Note: Under the hood, setting pl-fast-dev-run=n overrides pl-limit-train-batches=n, pl-limit-val-batches=n, pl-limit-train-batches=n, max_epochs=1 and disables all callbacks. Please keep in mind that all the above is useful for efficient and quick debugging purposes only.

Profiling Machine Learning Pipelines

PyTorch Lightning supports a set of built-in profilers that help you identify bottlenecks in your code during training, testing and inference. You can trigger code profiling through the command line argument --pl_profiler that you can set to either simple, advanced, or pytorch.
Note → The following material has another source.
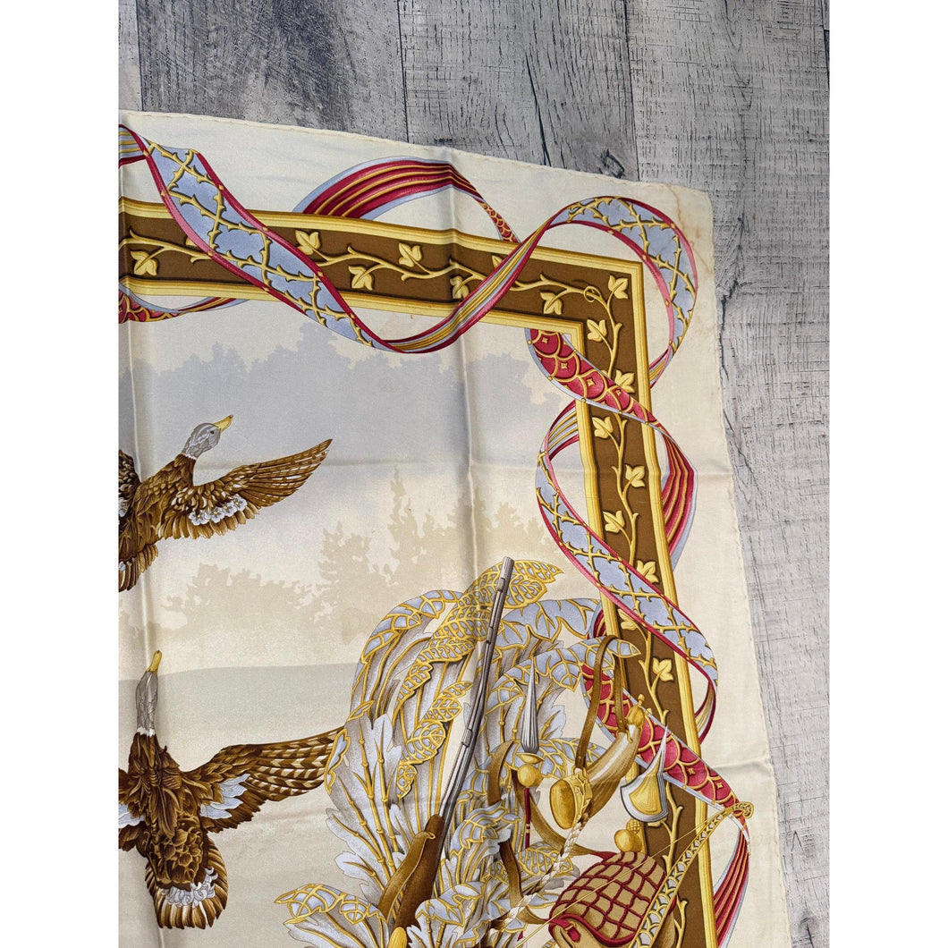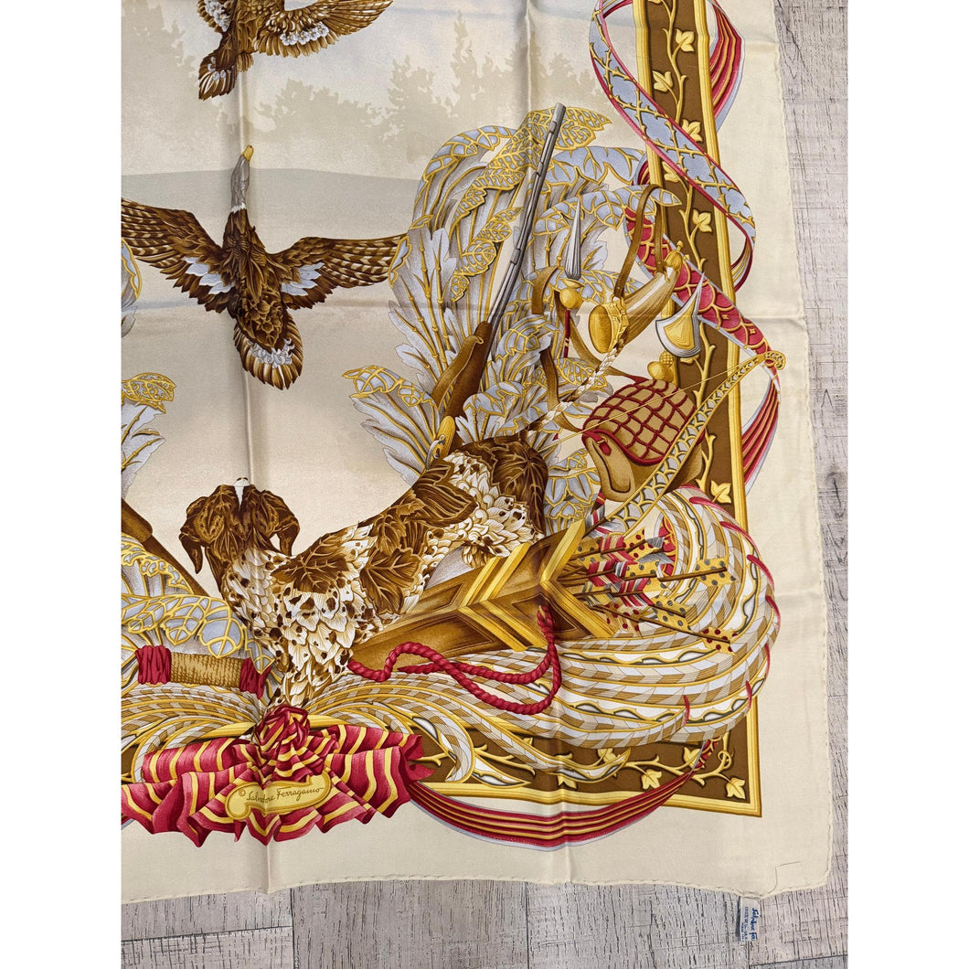 This Salvatore Ferragamo silk scarf features a detailed scene with various beautiful birds. The neutral background makes it perfect to wear with different outfits. This piece was dry cleaned prior to taking photos of it.

The profiler outputs will be saved in a subfolder profiler inside the outputs folder of the run. Give it a try by adding the following arguments to the hi-ml runner:

--max_epochs=4 --pl-profiler=pytorch

Interpret PyTorch Profiling outputs via Tensorboard

PyTorch Profiler can effectively be interpreted via TensorBoard dashbord interface that is integrated in VS Code as part of the Python extension. Once you have the outputs of the PyTorch Profiler in outputs/YYYY-MM-DDTHHmmssZ_YourCustomContainer/pytorch_profiler, you can open the TensorBoard Profiler plugin by launching the Command Palette using the keyboard shortcut CTRL + SHIFT + P (CMD + SHIFT + P on a Mac) and typing the “Launch TensorBoard” command.
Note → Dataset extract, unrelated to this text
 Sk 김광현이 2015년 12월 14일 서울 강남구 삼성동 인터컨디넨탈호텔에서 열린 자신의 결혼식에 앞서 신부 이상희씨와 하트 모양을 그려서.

Launch Tensorboard in VS Code

Next, you will be asked to select the path where the profiler traces are saved. Select another folder and navigate to outputs/YYYY-MM-DDTHHmmssZ_YourCustomContainer/pytorch_profiler.

Select directory

You can see Profiler plugin page as shown below. The overview shows a high-level summary of model performance.

Overview

You can change the view page in the left dropdown list.

Views

The operator view displays the performance of every PyTorch operator that is executed either on the host or device.

Views

The GPU Kernel panel shows the GPU configuration, GPU usage and Tensor Cores usage. We can see below all kernels’ time spent on GPU.

GPU Kernel

The trace view shows timeline of profiled operators and GPU kernels. You can select it to see details as below.

Trace

For more details on how to interpret and analyze these views, refer to the pytorch official documentation

Advanced profiling arguments

In some scenarios, you might be interested in profiling the memory usage by setting profile_memory=True or any of these additional arguments. You can specify additional profiling arguments by overriding get_trainer_arguments in your LightningContainer as shown below. Please make sure to specify your custom profiler under the profiler key and properly set dirpath=self.outputs_folder/"profiler" so that the profiler’s outputs are saved in the right output folder.
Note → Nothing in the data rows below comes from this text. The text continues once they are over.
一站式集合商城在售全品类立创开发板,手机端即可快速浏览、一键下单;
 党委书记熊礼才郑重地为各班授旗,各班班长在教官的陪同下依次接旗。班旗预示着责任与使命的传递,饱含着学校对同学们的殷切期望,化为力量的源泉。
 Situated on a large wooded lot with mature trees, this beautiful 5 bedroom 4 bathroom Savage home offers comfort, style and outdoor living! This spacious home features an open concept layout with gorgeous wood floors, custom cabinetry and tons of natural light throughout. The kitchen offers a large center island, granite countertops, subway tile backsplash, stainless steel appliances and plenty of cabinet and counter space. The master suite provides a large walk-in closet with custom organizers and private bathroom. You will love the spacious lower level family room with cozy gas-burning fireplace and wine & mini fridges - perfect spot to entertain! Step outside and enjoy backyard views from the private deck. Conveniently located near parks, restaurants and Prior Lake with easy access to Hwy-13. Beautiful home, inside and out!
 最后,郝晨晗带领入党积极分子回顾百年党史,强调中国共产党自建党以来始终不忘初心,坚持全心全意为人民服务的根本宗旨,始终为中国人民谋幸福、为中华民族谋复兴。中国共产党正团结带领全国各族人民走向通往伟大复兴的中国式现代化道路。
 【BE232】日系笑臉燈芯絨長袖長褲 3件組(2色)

class YourCustomContainer(LightningContainer):

  def __init__(custom_param: Any) -> None:
    self.custom_param = custom_param

  def get_trainer_arguments(self) -> Dict[str, Any]:
    return {"profiler": PyTorchProfiler(dirpath=self.outputs_folder/"profiler", with_memory=True, with_stack=True)}

The profiler will record all memory allocation/release events and allocator’s internal state during profiling. The memory view consists of three components as shown in the following.

Memory

Finally, the plugin also supports distributed view on profiling DDP with NCCL/GLOO as backend.

DDP